Your unused room = total room above − total lifetime contributions + total lifetime withdrawals made before Jan 1, 2026


Step-by-step: calculating your exact available room today

Step 1: Get the CRA My Account figure

Log in → “TFSA”“Contribution room”

This is your room as of January 1, 2026. It includes:

  • All prior year annual limits
  • All withdrawals made in 2025 and earlier (reopened Jan 1, 2026)
  • Minus all contributions reported through December 31, 2025

Step 2: Subtract 2026 contributions

Add up every deposit you have made to any TFSA account in 2026 (from January 1 through today).
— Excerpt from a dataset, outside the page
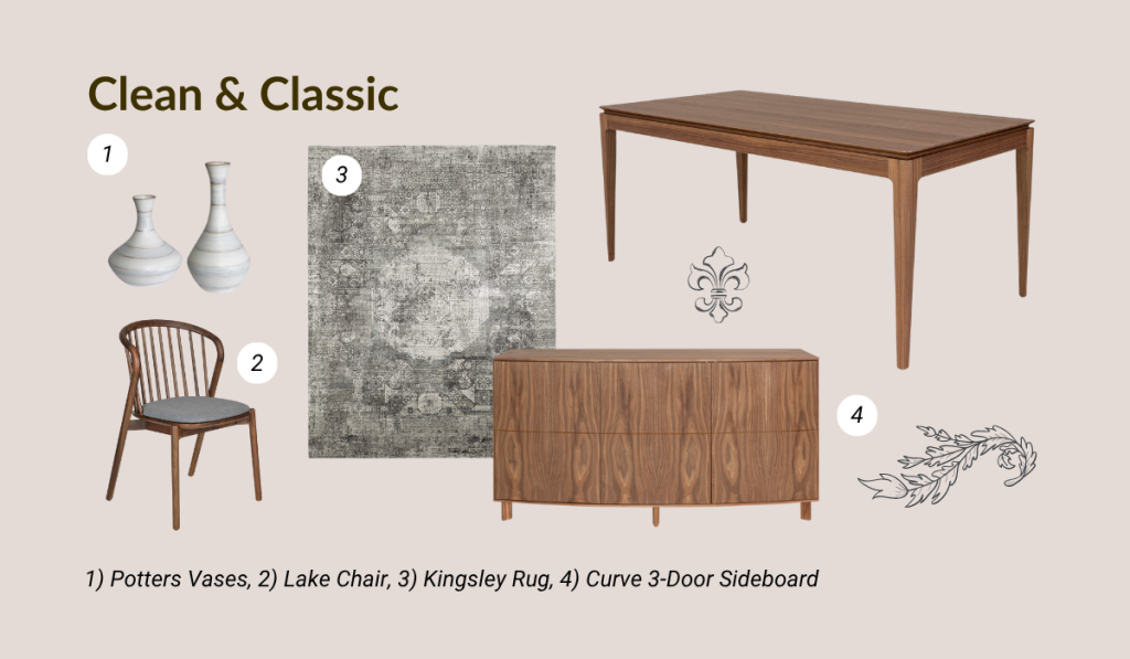 Embrace the beauty of basics with this simple yet welcoming aesthetic that will make guests feel instantly at home. Think warm wood and soft curves, with accessories that lean toward a more traditional or minimalist style. The Lake Dining Chair is a prime choice for this look, with its slatted back and fabric cushion. Add a sideboard like the Curve, whose rounded front echoes the lines of the Lake Chair, and try neutral vases like the Potters or an elegant rug like the Kingsley for finishing touches.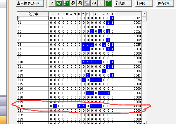 引用引用第1樓ymmfa于2018-06-21 12:45發(fā)表的 :我剛做了一個測試:[DEMOV E23 D0] 監(jiān)視D0,16進制時是41B8,和你的一樣。然后我用指令[DINT D0 D10],這時D10就轉(zhuǎn)成整數(shù)了,10進制是23,16進制是17。

Subtract this total from the CRA figure.

Step 3: Do NOT add 2026 withdrawals

Any withdrawals you made in 2026 do not reopen until January 1, 2027. Do not count them as available room this year.

Worked example

Item Amount
CRA My Account room (Jan 1, 2026) $22,500
2026 contributions to date (April) −$7,000
2026 withdrawals (irrelevant until Jan 2027) $0
Your remaining 2026 room $15,500

Why CRA’s number may not match your expectations

Scenario What happens
You contributed in early 2026 Not in CRA’s Jan 1 figure — you must subtract manually
You withdrew in 2025 Already included in CRA’s figure (room re-opened Jan 1, 2026)
You transferred TFSA incorrectly (withdrew & re-deposited) Treated as contribution; reduces your room immediately
Your institution just opened your TFSA May not be reported to CRA yet — minor lag
You are a new permanent resident Room accumulates from the year you became a Canadian resident, not from 2009

What if you have multiple TFSAs?

Your room is shared across all TFSAs at all institutions. To verify you are not over-contributing:

  1. Log into each institution holding a TFSA
  2. Check your year-to-date contribution total for each account
  3. Sum all contributions across all accounts
  4. Subtract from your CRA room figure

Most institutions do not automatically prevent over-contributions because they cannot see your other accounts.


Signs you may have used up your TFSA room

  • CRA My Account shows $0 or a small positive number
  • You have been contributing the maximum every year since becoming eligible
  • You recently moved money out of one TFSA and back into another without doing a direct transfer

If you suspect you are near your limit, stop contributing until you verify exactly how much room remains. The 1% monthly penalty applies to every month you remain over-contributed.